**WORK INSTRUCTION:** Restate word for word the entries below, starting at the line with "Когда кажется, что" and ending at the line with "I'm trying to". Keep both end lines and omit the pictures.

**RECORDED INFORMATION:**
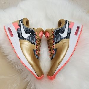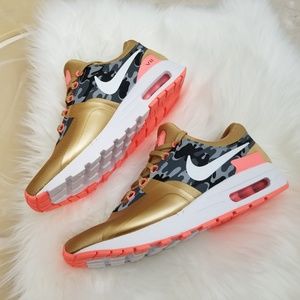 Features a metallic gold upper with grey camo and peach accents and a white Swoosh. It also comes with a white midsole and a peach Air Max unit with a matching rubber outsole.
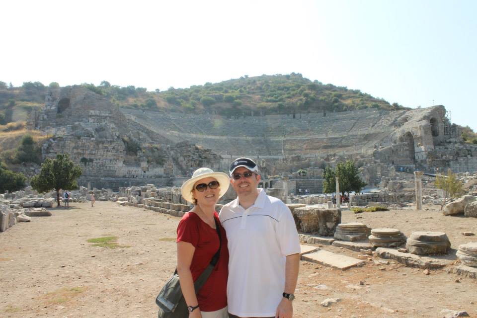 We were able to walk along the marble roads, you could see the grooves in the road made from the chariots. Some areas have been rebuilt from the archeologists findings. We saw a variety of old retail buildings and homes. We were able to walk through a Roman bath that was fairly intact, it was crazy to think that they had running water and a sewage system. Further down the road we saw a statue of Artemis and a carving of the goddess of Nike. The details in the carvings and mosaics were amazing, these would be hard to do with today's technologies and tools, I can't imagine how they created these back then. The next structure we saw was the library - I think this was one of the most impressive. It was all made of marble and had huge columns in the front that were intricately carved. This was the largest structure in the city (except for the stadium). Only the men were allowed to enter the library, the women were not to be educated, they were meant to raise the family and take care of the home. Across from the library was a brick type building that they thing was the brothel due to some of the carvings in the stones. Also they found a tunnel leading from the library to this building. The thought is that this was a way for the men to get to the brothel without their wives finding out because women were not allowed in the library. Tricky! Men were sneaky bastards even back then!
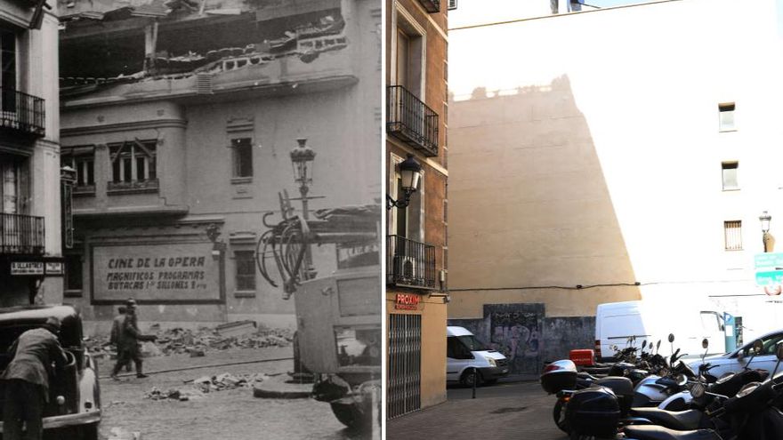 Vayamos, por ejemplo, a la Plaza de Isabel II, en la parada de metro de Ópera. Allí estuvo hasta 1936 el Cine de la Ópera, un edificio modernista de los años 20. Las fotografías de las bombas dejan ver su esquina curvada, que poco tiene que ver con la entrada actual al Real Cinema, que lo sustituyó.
---
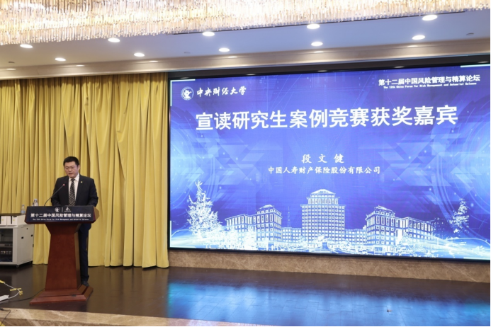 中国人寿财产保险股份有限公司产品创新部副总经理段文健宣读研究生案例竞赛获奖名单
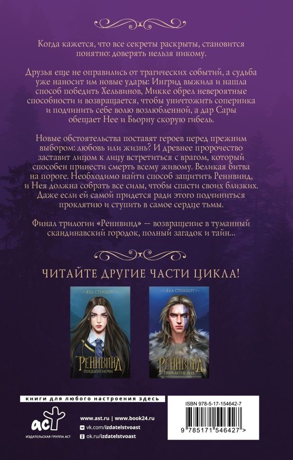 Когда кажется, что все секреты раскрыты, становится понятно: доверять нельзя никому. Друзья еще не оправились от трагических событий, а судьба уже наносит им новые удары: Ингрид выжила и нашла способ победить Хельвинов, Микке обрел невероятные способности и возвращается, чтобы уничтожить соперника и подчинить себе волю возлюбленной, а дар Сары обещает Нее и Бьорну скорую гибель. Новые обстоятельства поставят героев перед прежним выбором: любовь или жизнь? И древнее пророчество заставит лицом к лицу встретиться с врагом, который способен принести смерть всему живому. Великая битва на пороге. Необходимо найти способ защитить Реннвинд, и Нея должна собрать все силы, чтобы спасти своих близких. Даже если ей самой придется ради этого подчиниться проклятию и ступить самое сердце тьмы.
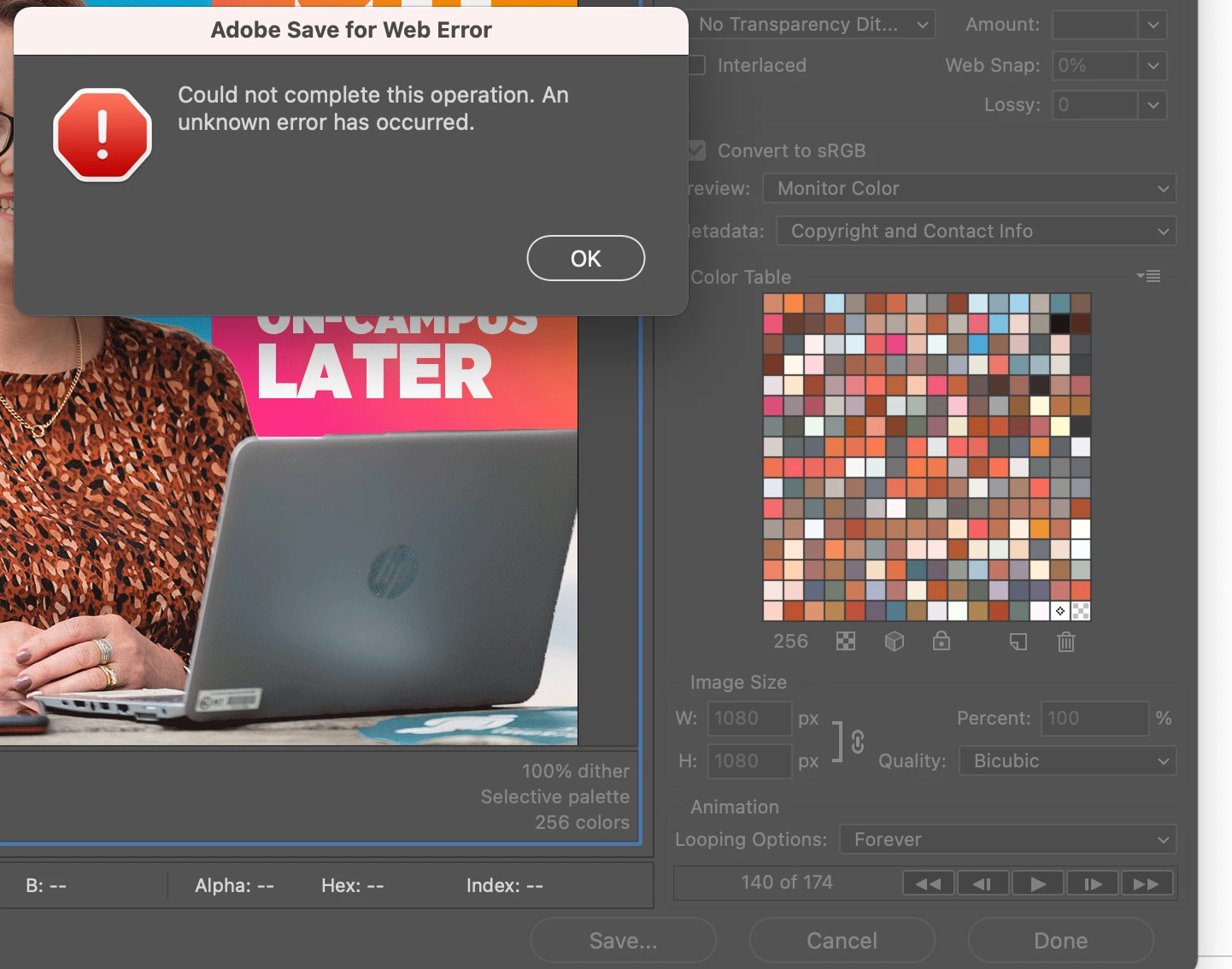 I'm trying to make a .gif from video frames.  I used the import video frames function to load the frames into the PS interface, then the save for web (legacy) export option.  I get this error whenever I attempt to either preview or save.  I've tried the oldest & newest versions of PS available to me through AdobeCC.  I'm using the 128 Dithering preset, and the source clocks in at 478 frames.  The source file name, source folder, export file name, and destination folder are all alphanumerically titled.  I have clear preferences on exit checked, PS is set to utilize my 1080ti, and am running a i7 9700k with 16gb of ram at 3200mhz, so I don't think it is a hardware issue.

**SOLUTION:**
 Когда кажется, что все секреты раскрыты, становится понятно: доверять нельзя никому. Друзья еще не оправились от трагических событий, а судьба уже наносит им новые удары: Ингрид выжила и нашла способ победить Хельвинов, Микке обрел невероятные способности и возвращается, чтобы уничтожить соперника и подчинить себе волю возлюбленной, а дар Сары обещает Нее и Бьорну скорую гибель. Новые обстоятельства поставят героев перед прежним выбором: любовь или жизнь? И древнее пророчество заставит лицом к лицу встретиться с врагом, который способен принести смерть всему живому. Великая битва на пороге. Необходимо найти способ защитить Реннвинд, и Нея должна собрать все силы, чтобы спасти своих близких. Даже если ей самой придется ради этого подчиниться проклятию и ступить самое сердце тьмы.
 I'm trying to make a .gif from video frames.  I used the import video frames function to load the frames into the PS interface, then the save for web (legacy) export option.  I get this error whenever I attempt to either preview or save.  I've tried the oldest & newest versions of PS available to me through AdobeCC.  I'm using the 128 Dithering preset, and the source clocks in at 478 frames.  The source file name, source folder, export file name, and destination folder are all alphanumerically titled.  I have clear preferences on exit checked, PS is set to utilize my 1080ti, and am running a i7 9700k with 16gb of ram at 3200mhz, so I don't think it is a hardware issue.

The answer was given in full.